Day 3.

(I stole this image somewhere)

The problem with being unemployed and versatile is not being sure of what you want to do. For the first time in my life (well sort of) I feel completely out of control. Sort of unsafe. I consider this a weakness. There’s definitely a few options here:

Do I?
1. Go back to school?
2. Freelance?
3. Seek full-time?
4. Consider a second career?
5. Create a start-up?

Almost endless…

Whichever possibility does create something though. It’s called risk.

Now to calculate the variability of failure on these risks.

1. I could possibly end up completely poor and destitute, or homeless (scary). I might completely abhor the fact that I have to choose something immediately to survive instead of by less pressure. I’ve been in a position of poor already (yes without meals, living in a third world country, etc) – my desire is to not return.
2. I might have to move from NYC (the place I’ve worked on being almost my entire adult life).
3. I might not accelerate in my career as previously planned (Yes, I was one of those people). Imagine having a vast skillset and still not being able to be hired!

Another theory of this forced downtime — maybe this is the break that I have always needed. I’ve worked since I was 14 years old. I hardly had breaks in between. I’ve always done some sort of freelance, work study or side project that took up my time. So being involuntarily unemployed  leaves me wondering:

1. Should I catch up on sleep?
2. Should I budget better?
3. Should I rethink my goals?
4. Should I take the required break between jobs? (I did just take only 2 days off before starting that last one.)

At least I’ve started running again (I ran 3 1/2 miles yesterday).

At least I am being proactive. I’ve applied to places that I desire to call home. Now, hopefully they recognize that I’m a hard worker and hire me.

Simple. Right?

(By the way, if you believe there’s a stigma of writing about my lack of a job — imagine how the recession went in the beginning, maybe it’s just catching up with me now. At least I am slightly more prepared to handle it. It’s only day 3 — but I won’t wish this even on my worse enemy.)

@Jerlyn

2 thoughts on “Adventures in Unemployment

  1. Sandra

    Day 3 and you’ve already begun applying places and plotting out so many different futures? Not a lady who let’s the grass grow under her feet!

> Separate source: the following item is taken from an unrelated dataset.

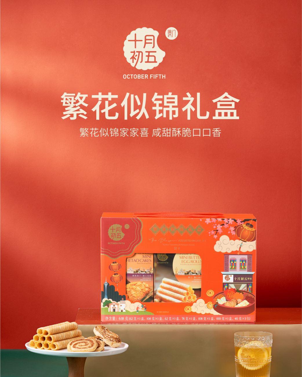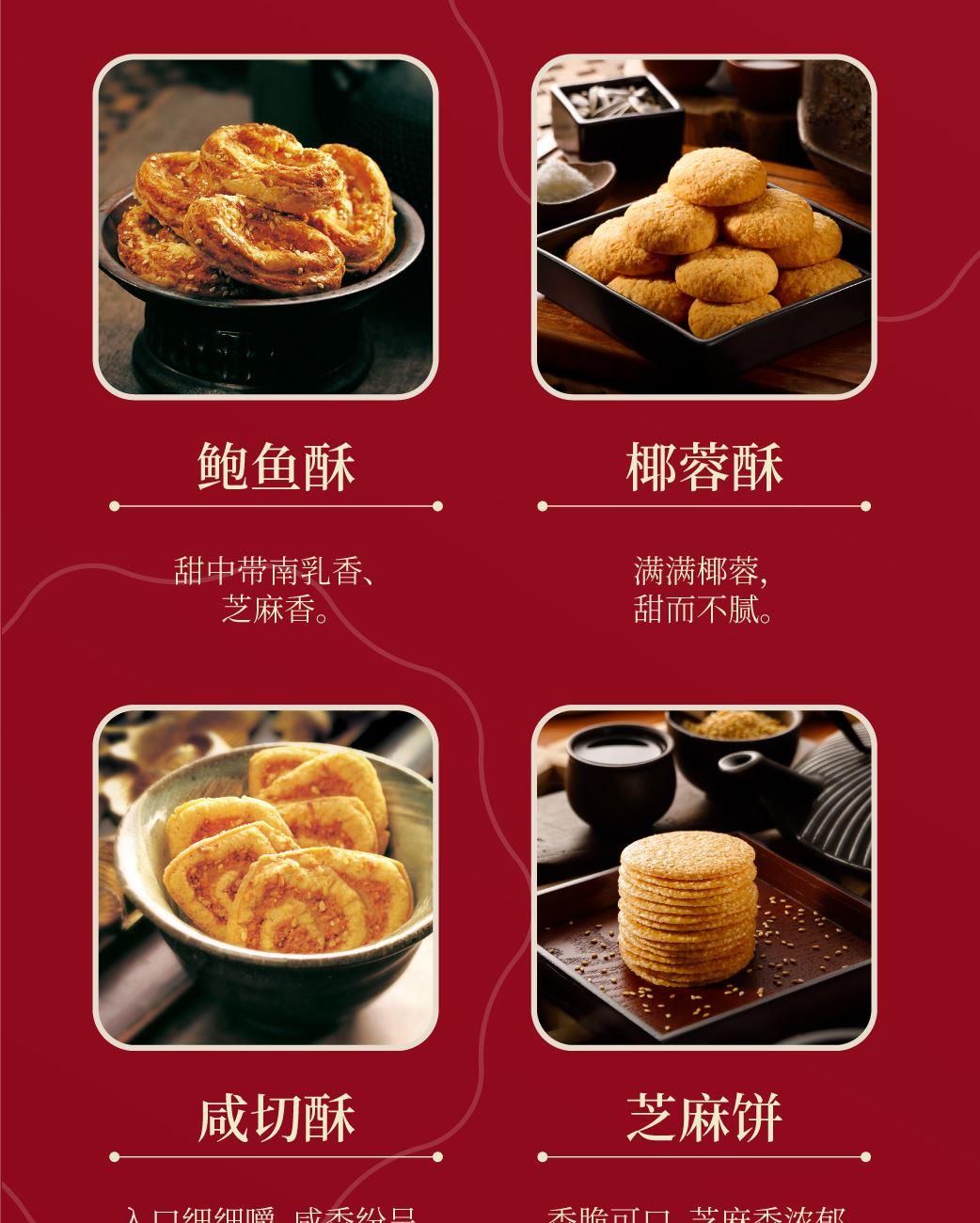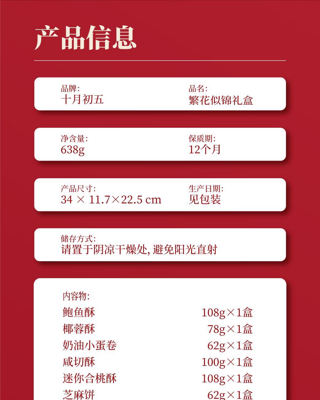 十月初五繁花似锦礼盒 净含量:638g 62g芝麻饼X1盒 108g鲍鱼酥X1盒 62g奶油小蛋卷X1盒 78g椰蓉酥X1盒 108g迷你合桃酥X1盒 100g咸切酥X1盒 40g小口曲奇(生椰拿铁味)X3包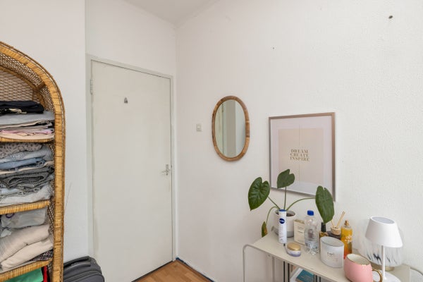 Bij binnenkomst kom je in de hal met toegang tot alle vertrekken. Via de hal heb je toegang tot 2 gelijksoortige slaapkamers en de woonkamer. De fijne L-vormige woonkamer biedt voldoende ruimte voor een comfortabele zithoek en een eethoek. Aansluitend bevindt zich de praktische keuken. Het appartement beschikt over twee slaapkamers, waarvan één uitstekend te gebruiken is als hoofdslaapkamer en de andere als werk- of logeerkamer. De badkamer is voorzien van een douche, wastafel en aansluiting voor de wasmachine.

    By the way, that header font is gorgeous.

  2. Keith

    Sorry to hear about your involuntary unemployment. But it does sound like you’re on the right road and laying out all of your options and the risks involved with those. I know many people, that wallow in self pity for weeks or months before getting to the point of creating a plan, so kudos to you for being ahead of the curve.